TIPS FROM MY KITCHEN
- I use a pizza cutter to trim the pastry—it’s faster and neater.
- Don’t skip the rest after baking—it slices so much better.
- Herb sauce keeps for 3 days—amazing with roasted veg too.
STORAGE + REHEATING
- Fridge: Wrap leftovers tightly in cling film. Good for up to 2 days.
- Reheat: In the oven, covered in foil, at 180°C for about 7–10 mins. Avoid the microwave—soggy sadness.
FREQUENTLY ASKED QUESTIONS
Q: Can I make this ahead of time?
A: Absolutely. Assemble and chill (unbaked) up to 24 hours in advance. Bake straight from the fridge.
Q: Can I use frozen spinach?
A: Yes—defrost and squeeze it dry. You’ll only need about 150g frozen to match the fresh.
Q: My pastry splits—what am I doing wrong?

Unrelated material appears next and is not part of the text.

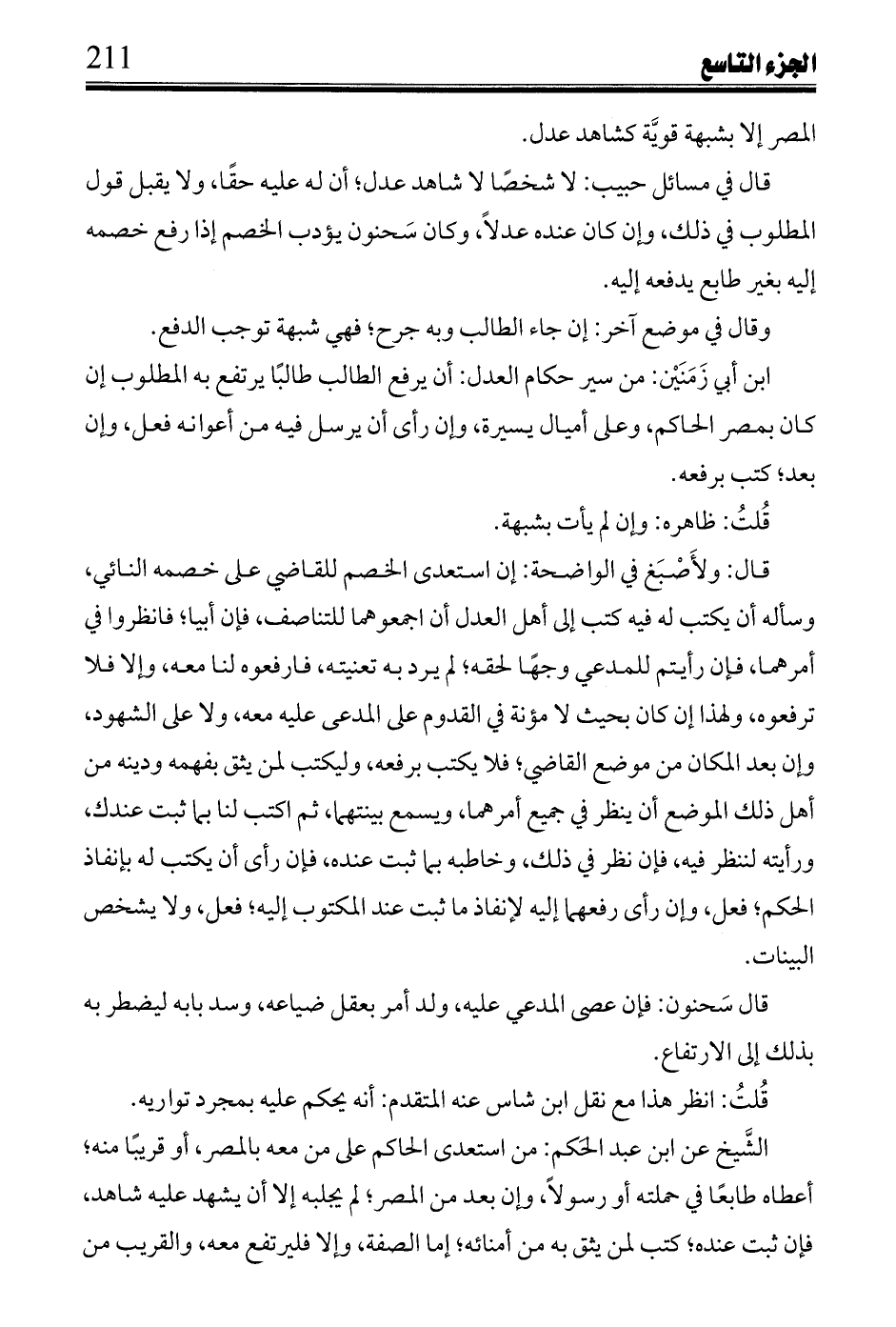 قال: ولأصبع في الواضحة: إن استعدى الخصم للقاضي على خصمه النائي، وسأله أن يكتب له فيه كتب إلى أهل العدل أن أجمعوهما للتناصف، فإن أبيا، فانظروا في أمرهما، فإن رأيتم للمدعي وجهًا لحقه؛ لم يرد به تعنيته، فارفعوه لنا معه، وإلا فلا ترفعوه، ولهذا إن كان بحيث لا مؤنة في القدوم على المدعى عليه، ولا على الشهود، وإن بعد المكان من موضع القاضي؛ فلا يكتب برفعه، وليكتب لمن يثق بفهمه ودينه من أهل ذلك الموضع أن ينظر في جميع أمرها، ويسمع بينتهما، ثم اكتب لنا بما ثبت عندك، ورأيته لننظر فيه، فإن في ذلك، وخاطبه بما ثبت عنده، فإن رأى أن يكتب له بإنفاذ الحكم؛ فعل، وإن رأى رفعهما إليه لإنفاذ ما ثبت عند المكتوب إليه؛ فعل، ولا يشخص البينات.

A: It’s likely too warm. Keep it cold, and don’t skip chilling before baking.
Q: Can I skip the sauce?
A: You can, but it really lifts the dish. Even a spoonful of lemony crème fraîche is worth it.
Try More Recipes:
- Mary Berry Smoked Salmon and Watercress Pâté Recipe
- Mary Berry Miso Salmon With Aromatic Spinach
- Smoked Salmon On Rye With Cucumber Pickle
Mary Berry Salmon En Croûte Recipe
Course: DinnerCuisine: BritishDifficulty: Easy6
servings25
minutes35
minutes635
kcalGolden, flaky pastry wrapped around tender salmon, creamy spinach, and sweet peppers—served with a herby crème fraîche sauce. A total crowd-pleaser that looks far harder than it is.
Ingredients
- Spinach Filling
225g baby spinach
180g cream cheese
1 egg yolk
- Salmon + Pastry
500g all-butter puff pastry
1kg centre-cut salmon fillet
1 jar chargrilled peppers, drained
Large bunch dill, chopped
1 egg + 1 tbsp milk, beaten
Flour for dusting
- Herb Sauce
200g crème fraîche
3 spring onions, finely chopped
Juice of ½ lemon
2 tsp caster sugar
1 tbsp chopped chives
2 tbsp parsley
1 tbsp dill
Directions
- Wilt spinach, squeeze dry, mix with cream cheese + yolk.
- Roll pastry. Place salmon in centre. Add dill, peppers, spinach filling.
- Wrap and seal. Decorate with trimmings. Chill 30 mins.
- Bake at 220°C on preheated tray for 30–35 mins.
- Rest 15 mins. Mix sauce ingredients.
- Slice and serve with sauce.
Notes
- Drain spinach thoroughly or you’ll get soggy pastry.
- Always chill the wrapped pastry before baking.
- Bake on a hot tray to crisp the bottom.